I worked for Apple for 9 years. I would never use iCloud for anything I needed to keep private.
Apple's own culture of secrecy works against them. You don't discuss what you are doing outside your immediate team. This means that you often don't know enough about what you are doing to understand where your code will be used. You are working from a design (or an API) specified by another team and you have to assume they have the complete picture. If they don't specify brute force protection for your code you must assume that they have a reason or they are using some other method.
The internal secrecy also results in multiple implementations of the same function, because each team knows its own code and doesn't see what others have already implemented or are working on. No doubt somebody in the organization thinks that the internal secrecy is worth the cost.

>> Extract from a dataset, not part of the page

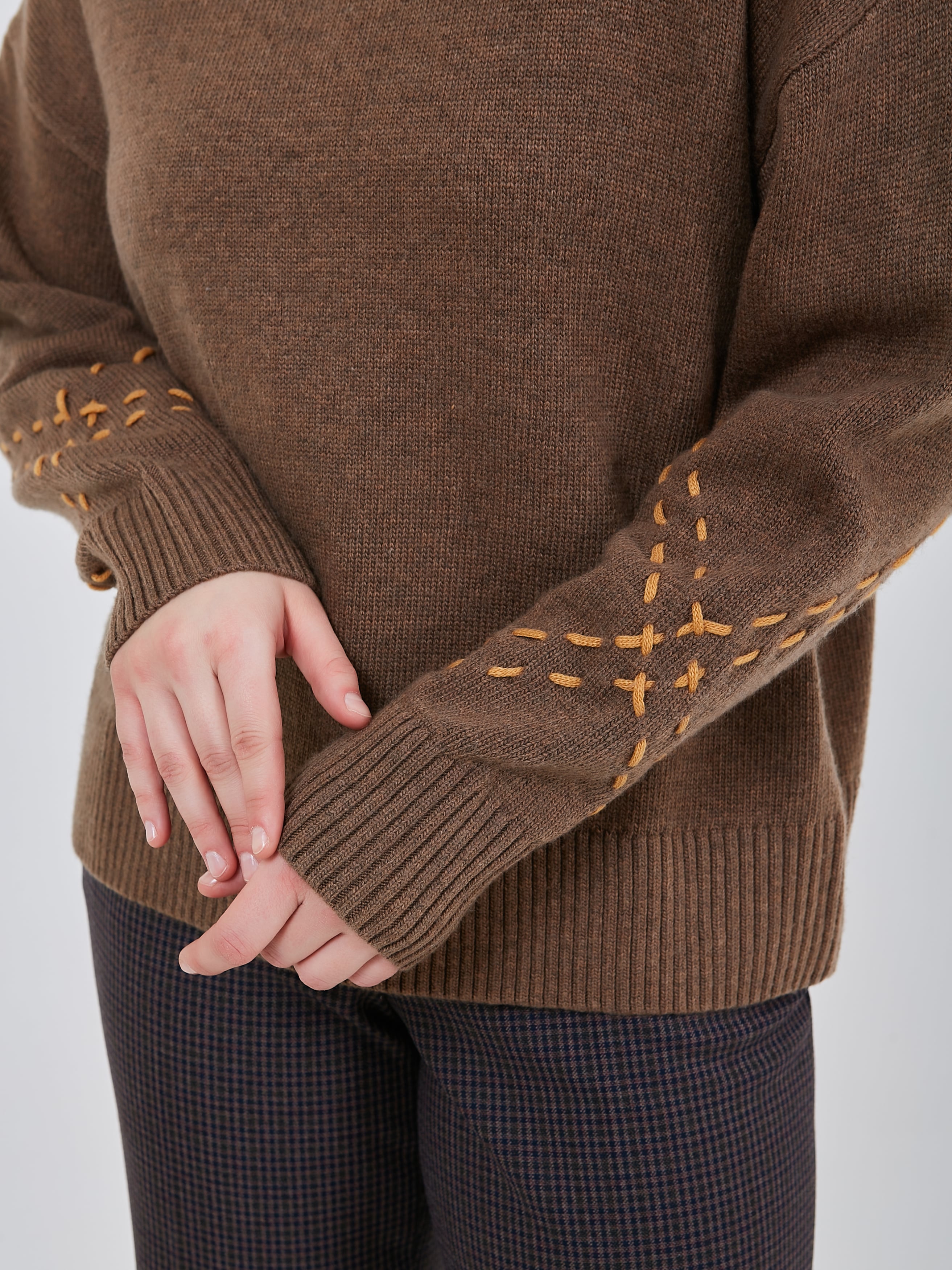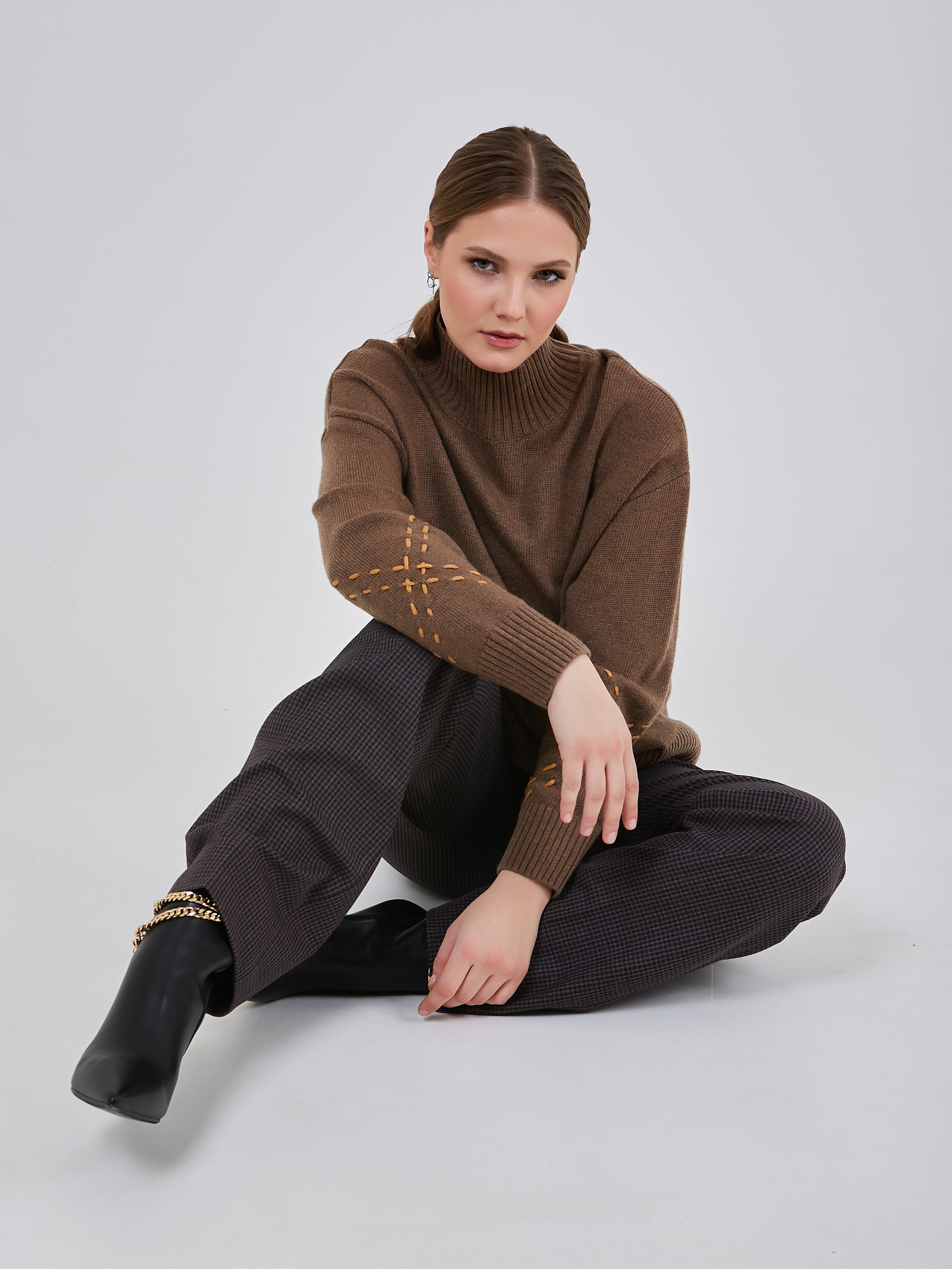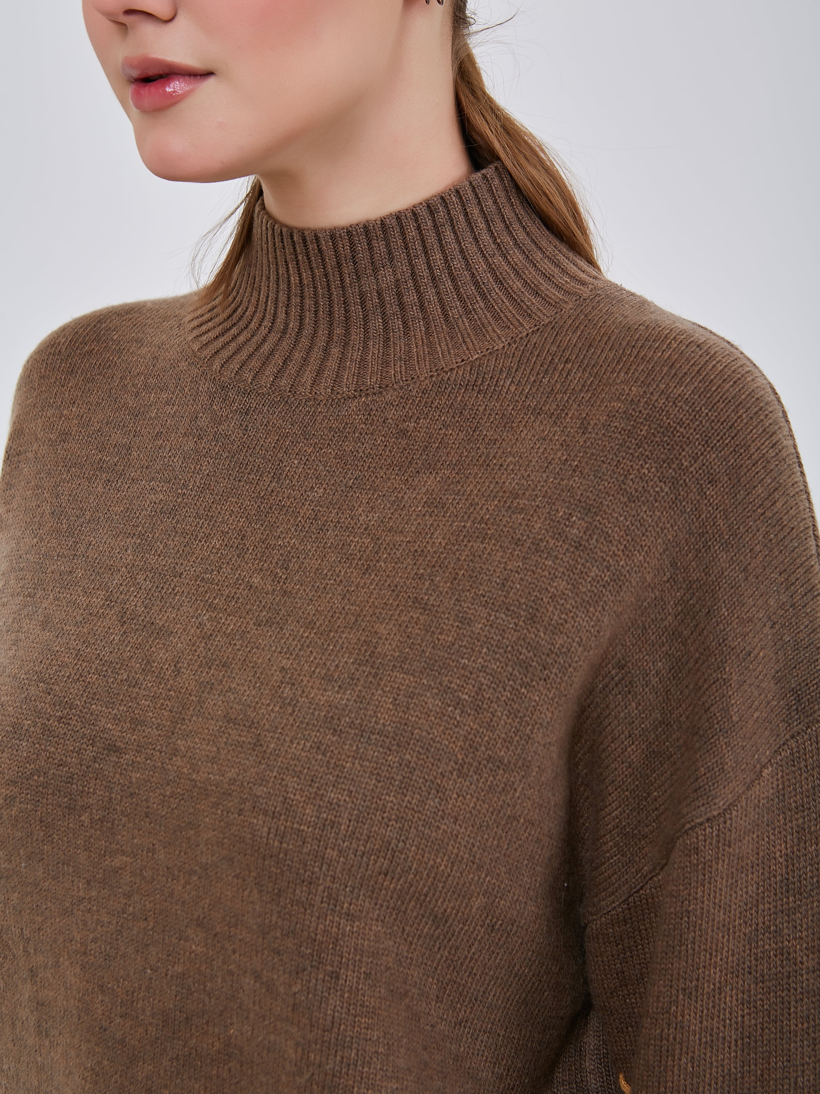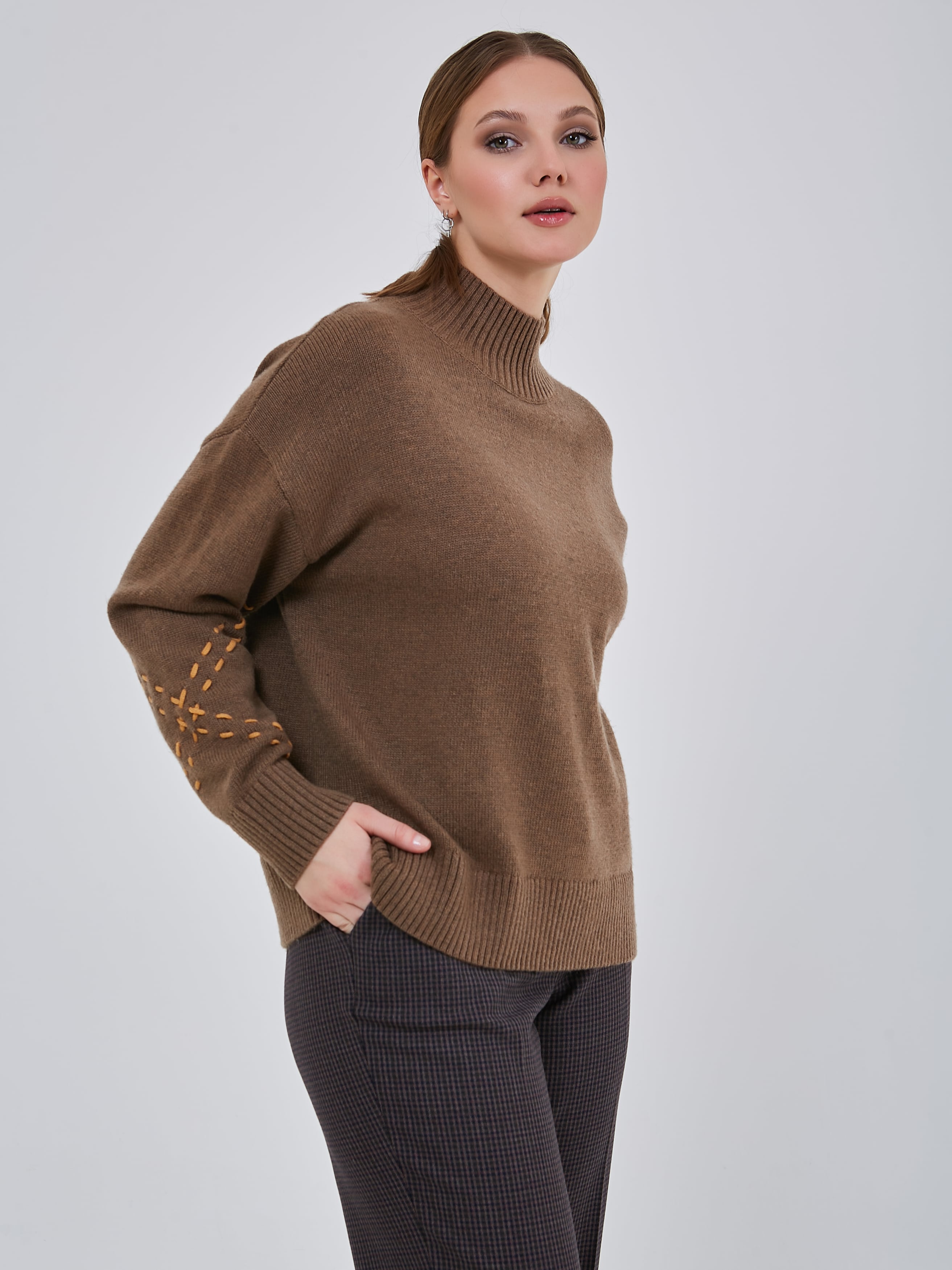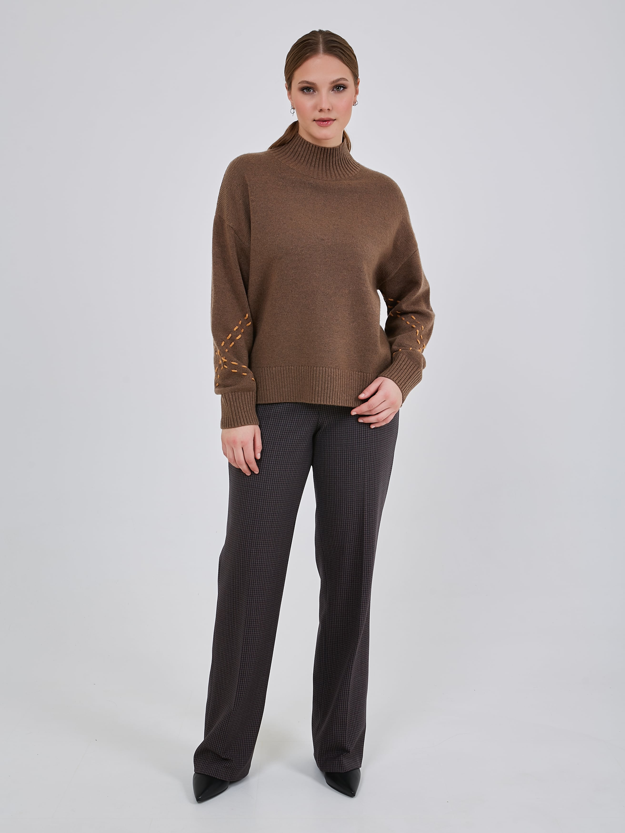 Джемпер шоколадного оттенка со спущенной линией плеча, с широкими эластичными манжетами, воротником и резинкой по низу изделия. Рукава украшены контрастными нитями в виде ручного шва. Осень-Зима'25/26. Капсула "Хозяйка медной горы"

"My iCloud keeps telling me to back it up, and I'm like, I don't know how to back you up. Do it yourself."
OP really pulled a sensationalist trick with this one.
There's one important element of these leaks that I've never seen anyone comment on: it's all well and good to hack a weak password, but how do these people wind up getting their hands on lists of celebrities' private email addresses? It's not like you can just throw some terms at Google and come up with anything useful.
WTF? Idiot celebs. End of comment.
And Dropbox's feature that syncs your photos to it. I bet when the truth comes out, the Apple blamer's will have some egg on their face.
1. There's evidence of a Dropbox manual ending up in the photo mix.
2. Some of these celebrities claim they don't own iDevices but Android.
Ok, first of all, if I some how got hold of these pictures, I'd delete them. Integrity is good for us all. I've no animosity towards the famous.
That being said, these people sold their privacy for cold hard cash. Not small amounts either, enough to buy the town I live in. Maybe I'm a jerk, but I just don't feel all that bad for them. They sell sex every day, all day. I have a feeling most are more upset that some of the pictures are unflattering than they are that they're nude in them.
Somebody:
1) Takes nude photos of themselves with an internet-connected device.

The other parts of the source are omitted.